## DATASET CONTENT
• • • •

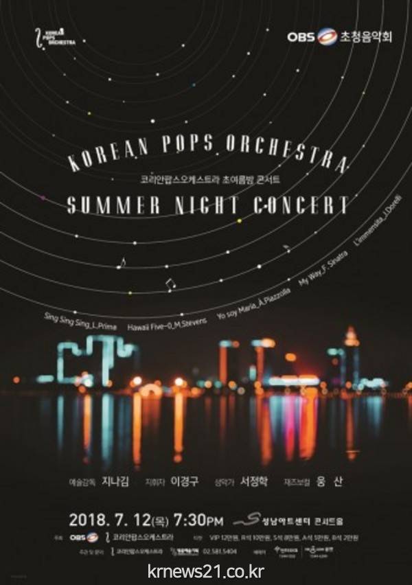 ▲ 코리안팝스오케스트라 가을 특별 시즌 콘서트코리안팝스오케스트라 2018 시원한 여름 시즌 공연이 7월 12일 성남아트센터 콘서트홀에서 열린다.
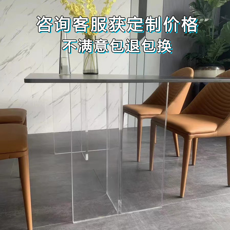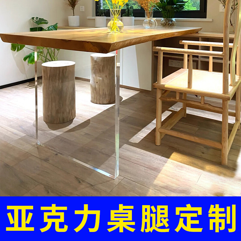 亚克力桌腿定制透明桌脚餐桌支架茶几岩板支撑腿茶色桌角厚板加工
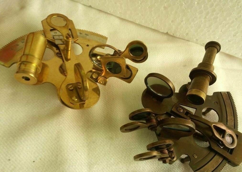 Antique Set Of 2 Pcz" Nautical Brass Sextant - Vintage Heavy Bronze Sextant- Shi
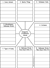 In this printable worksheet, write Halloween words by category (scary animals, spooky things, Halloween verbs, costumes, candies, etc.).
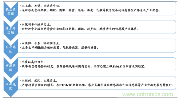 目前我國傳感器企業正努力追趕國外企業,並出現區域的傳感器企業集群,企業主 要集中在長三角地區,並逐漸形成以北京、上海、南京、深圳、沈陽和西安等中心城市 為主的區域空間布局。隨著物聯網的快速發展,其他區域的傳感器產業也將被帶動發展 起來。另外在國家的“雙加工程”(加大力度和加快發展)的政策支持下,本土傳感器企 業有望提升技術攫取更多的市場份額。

• • • •

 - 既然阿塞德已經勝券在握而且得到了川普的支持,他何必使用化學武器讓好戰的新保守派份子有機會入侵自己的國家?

• • • •

## WORK REQUIRED
Reproduce the lines above beginning at the line that contains "성남아트센터 콘서트홀에서 열린다." and ending at the line that contains "Antique Set Of". No pictures.

## RESULT FOR THIS TASK
 ▲ 코리안팝스오케스트라 가을 특별 시즌 콘서트코리안팝스오케스트라 2018 시원한 여름 시즌 공연이 7월 12일 성남아트센터 콘서트홀에서 열린다.
 亚克力桌腿定制透明桌脚餐桌支架茶几岩板支撑腿茶色桌角厚板加工
 Antique Set Of 2 Pcz" Nautical Brass Sextant - Vintage Heavy Bronze Sextant- Shi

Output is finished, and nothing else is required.